Record excerpts START
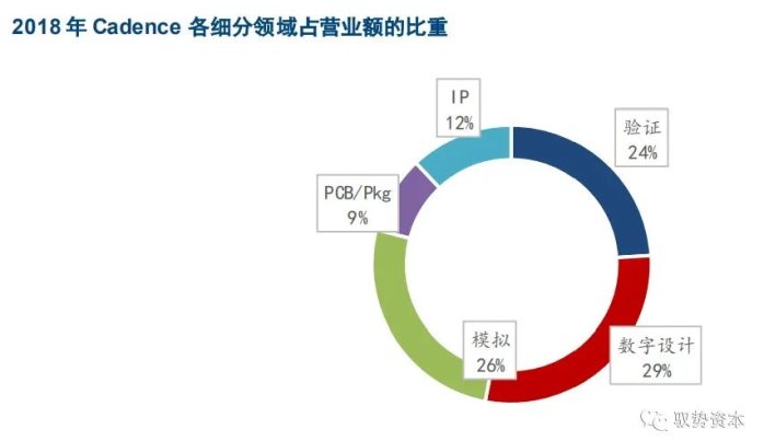 Cadence将主营业务分为五类,分别是验证、数字设计、模拟、PCB、IP,其中前三项的地位更为重要,占主营业务收入的份额在75%左右。
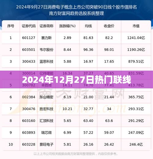随着科技的飞速发展和互联网的普及,联线已经成为人们生活中不可或缺的一部分,在2024年12月27日这一天,热门联线成为了人们关注的焦点,本文将围绕这一主题展开,探讨热门联线的现状和未来发展趋势。
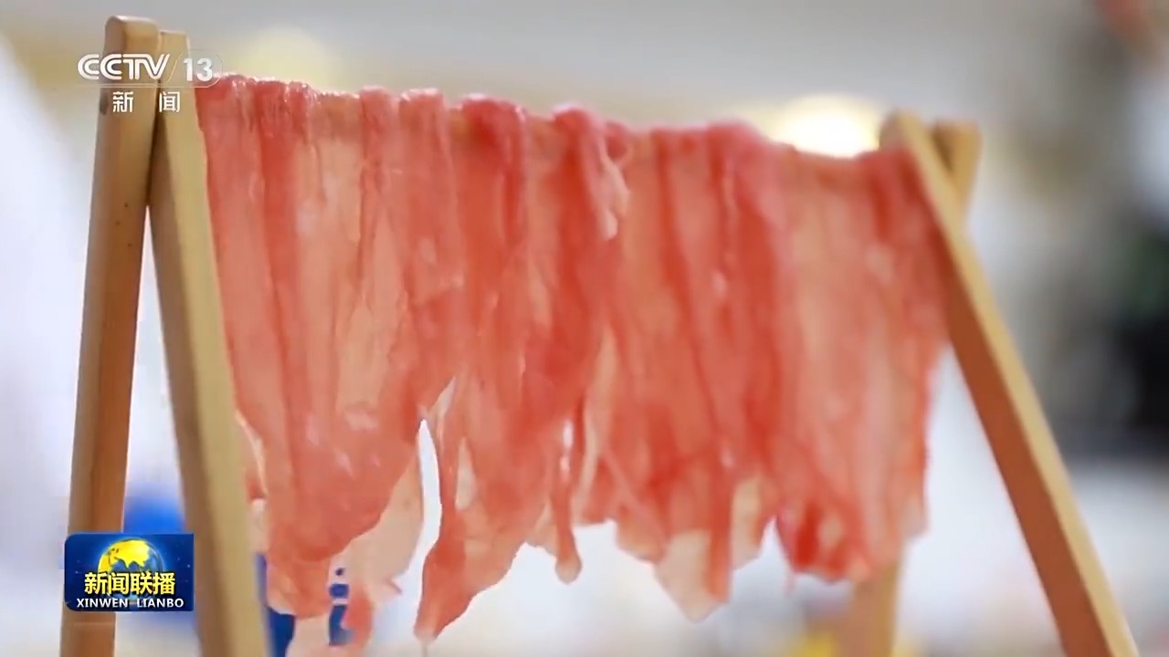 隨后的生產(chǎn)環(huán)節(jié),數(shù)字化技術(shù)更是隨處可見。一顆小小的干辣椒,要經(jīng)過X光等五級智能篩選,才能送上生產(chǎn)線;全封閉的反應(yīng)釜替代了傳統(tǒng)炒鍋,技術(shù)員把配方信息輸入系統(tǒng)后,設(shè)備會自動配料加工生產(chǎn),工作效率提升了10倍;1分鐘左右,一塊冷鮮肉就被切割成近百塊幾毫米的薄片,智能化檢測環(huán)節(jié),結(jié)果精確到小數(shù)點。
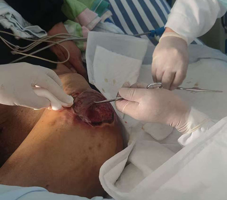 2025年1月13日,《中國燒傷創(chuàng)瘍雜志》編委、燒傷創(chuàng)瘍再生醫(yī)療技術(shù)臨床專家張強,應邀來到中國人民解放軍聯(lián)勤保障部隊九九一醫(yī)院燒傷整形科,為一位壓瘡患者進行會診治療,張教授親自示范為患者進行清創(chuàng)換藥處理,指導醫(yī)生規(guī)范應用再生醫(yī)療技術(shù)進行創(chuàng)面換藥治療,并針對臨床中遇到的問題進行了講解,得到了科室醫(yī)生的高度認可,患者家屬對張教授頂著炎熱親臨會診表示感謝!
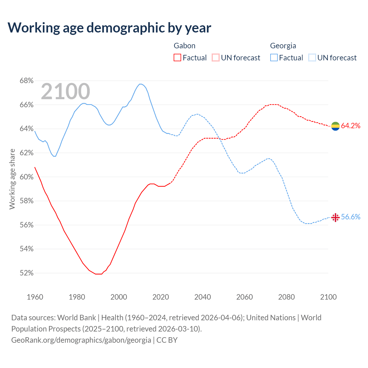 - Gabon has 1.58M working age adults (aged 15-64) vs 2.35M in Georgia.
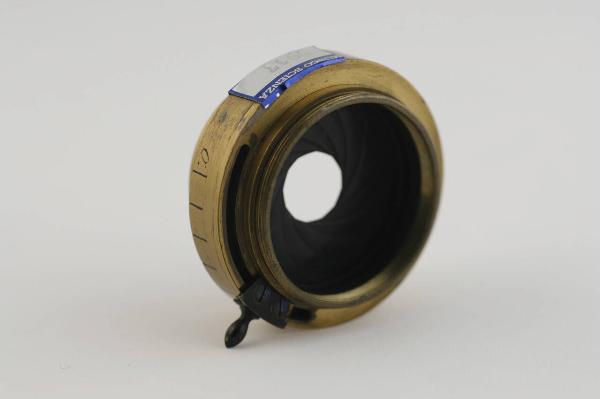 Diaframma a iride costituito da una serie di lamelle metalliche apribili manualmente, montate su un telaio in mertallo e ottone a forma di anello.\nLe due estremità sono filettate per l'avvitamento delle altre parti dell'obiettivo componibile.\nLateralmente è inserita una levetta scorrevole che permette di aprire e chiudere le lamelle.
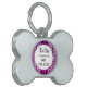 Un cercle léopard rose chaud accentue cette adorable étiquette d'identité en forme d'os de chien qui est entièrement personnalisable pour le nom de votre animal et votre numéro de téléphone. Vous pouvez ajouter ou supprimer toute information que vous désirez!
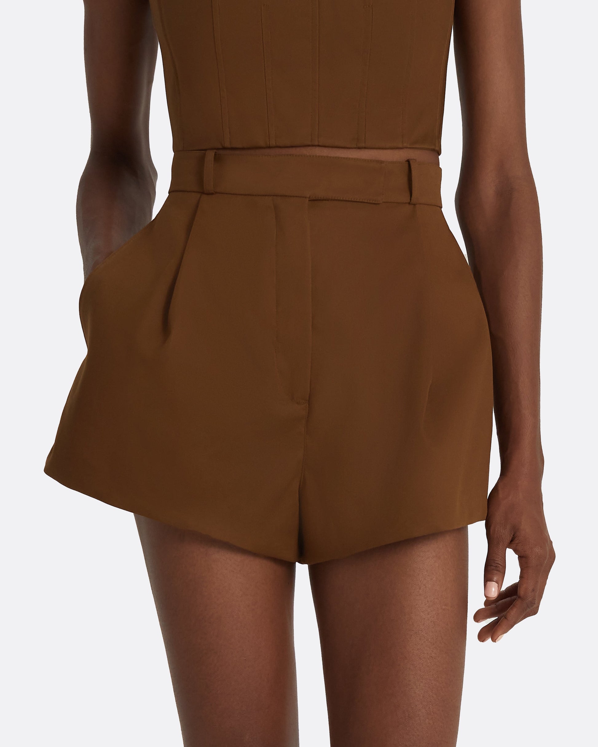 Paper bag style short with tailored waistband in deep brown Trenching.
Record excerpts END
[Exercise details]
Say again, exactly, only those lines of the records that run from the start through the line with "随着科技的飞速发展和互联网的". Pictures are to be skipped.

[Answer box]
 Cadence将主营业务分为五类,分别是验证、数字设计、模拟、PCB、IP,其中前三项的地位更为重要,占主营业务收入的份额在75%左右。
随着科技的飞速发展和互联网的普及,联线已经成为人们生活中不可或缺的一部分,在2024年12月27日这一天,热门联线成为了人们关注的焦点,本文将围绕这一主题展开,探讨热门联线的现状和未来发展趋势。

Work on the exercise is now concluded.